*** Given records ***

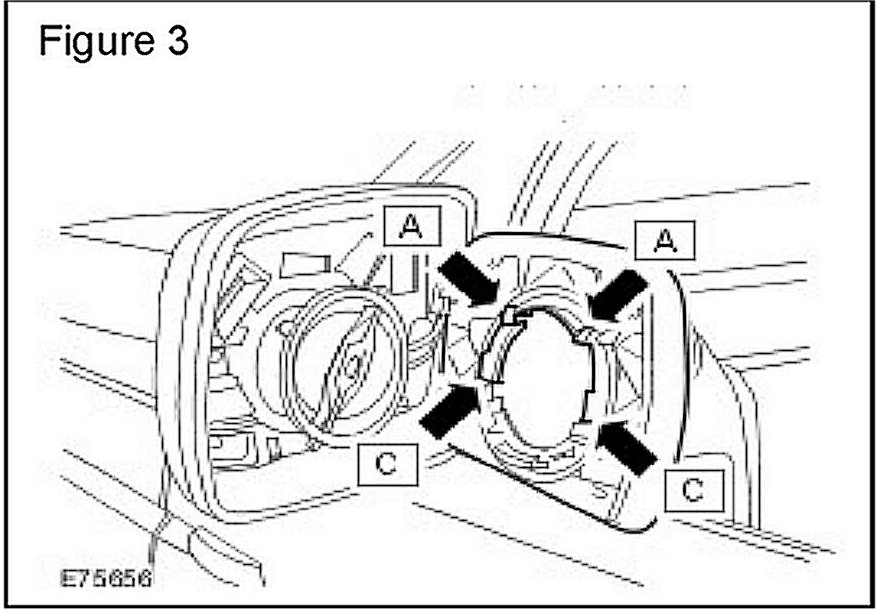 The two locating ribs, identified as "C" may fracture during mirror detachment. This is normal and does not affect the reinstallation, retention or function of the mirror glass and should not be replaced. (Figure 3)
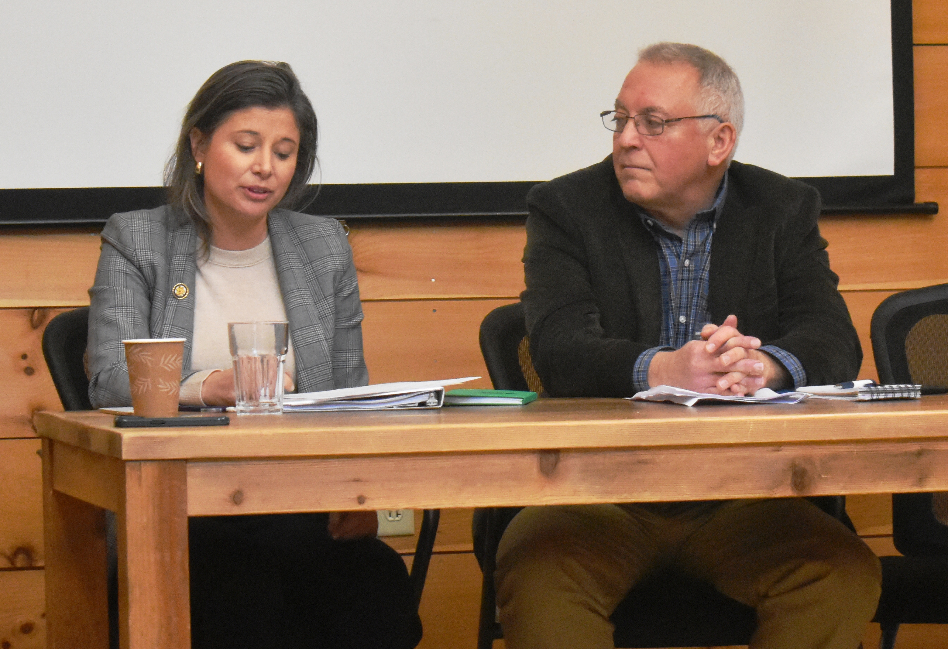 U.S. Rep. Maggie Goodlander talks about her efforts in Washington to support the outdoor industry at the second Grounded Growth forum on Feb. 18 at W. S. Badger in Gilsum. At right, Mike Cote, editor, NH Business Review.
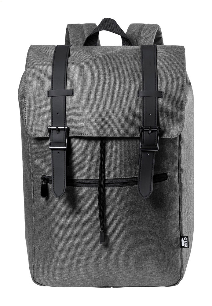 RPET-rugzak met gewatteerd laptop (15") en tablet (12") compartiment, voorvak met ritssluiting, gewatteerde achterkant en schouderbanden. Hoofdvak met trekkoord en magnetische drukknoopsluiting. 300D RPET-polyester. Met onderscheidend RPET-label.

*** End of Given records ***
*** Given records ***

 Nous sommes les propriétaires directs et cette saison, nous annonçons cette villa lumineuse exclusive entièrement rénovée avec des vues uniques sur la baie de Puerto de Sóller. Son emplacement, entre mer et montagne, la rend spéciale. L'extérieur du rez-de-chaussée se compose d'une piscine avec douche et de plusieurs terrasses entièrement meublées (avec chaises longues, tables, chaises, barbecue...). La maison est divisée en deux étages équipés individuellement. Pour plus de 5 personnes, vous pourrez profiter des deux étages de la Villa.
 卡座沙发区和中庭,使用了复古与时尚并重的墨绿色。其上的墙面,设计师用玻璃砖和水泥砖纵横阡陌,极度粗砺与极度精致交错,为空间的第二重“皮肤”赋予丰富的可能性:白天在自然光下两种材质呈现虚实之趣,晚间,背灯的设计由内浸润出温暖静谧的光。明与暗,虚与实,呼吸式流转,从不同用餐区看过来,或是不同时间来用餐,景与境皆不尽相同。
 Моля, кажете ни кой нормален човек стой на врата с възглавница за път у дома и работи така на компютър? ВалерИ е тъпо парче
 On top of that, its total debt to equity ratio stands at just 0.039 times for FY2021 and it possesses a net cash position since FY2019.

*** End of Given records ***

#### Description of the task
In the entries above, find the line with "Nous sommes les" and the line with "On top of that, its", then restate word for word both of them and every line between, with nothing more.

#### Result of this task
 Nous sommes les propriétaires directs et cette saison, nous annonçons cette villa lumineuse exclusive entièrement rénovée avec des vues uniques sur la baie de Puerto de Sóller. Son emplacement, entre mer et montagne, la rend spéciale. L'extérieur du rez-de-chaussée se compose d'une piscine avec douche et de plusieurs terrasses entièrement meublées (avec chaises longues, tables, chaises, barbecue...). La maison est divisée en deux étages équipés individuellement. Pour plus de 5 personnes, vous pourrez profiter des deux étages de la Villa.
 卡座沙发区和中庭,使用了复古与时尚并重的墨绿色。其上的墙面,设计师用玻璃砖和水泥砖纵横阡陌,极度粗砺与极度精致交错,为空间的第二重“皮肤”赋予丰富的可能性:白天在自然光下两种材质呈现虚实之趣,晚间,背灯的设计由内浸润出温暖静谧的光。明与暗,虚与实,呼吸式流转,从不同用餐区看过来,或是不同时间来用餐,景与境皆不尽相同。
 Моля, кажете ни кой нормален човек стой на врата с възглавница за път у дома и работи така на компютър? ВалерИ е тъпо парче
 On top of that, its total debt to equity ratio stands at just 0.039 times for FY2021 and it possesses a net cash position since FY2019.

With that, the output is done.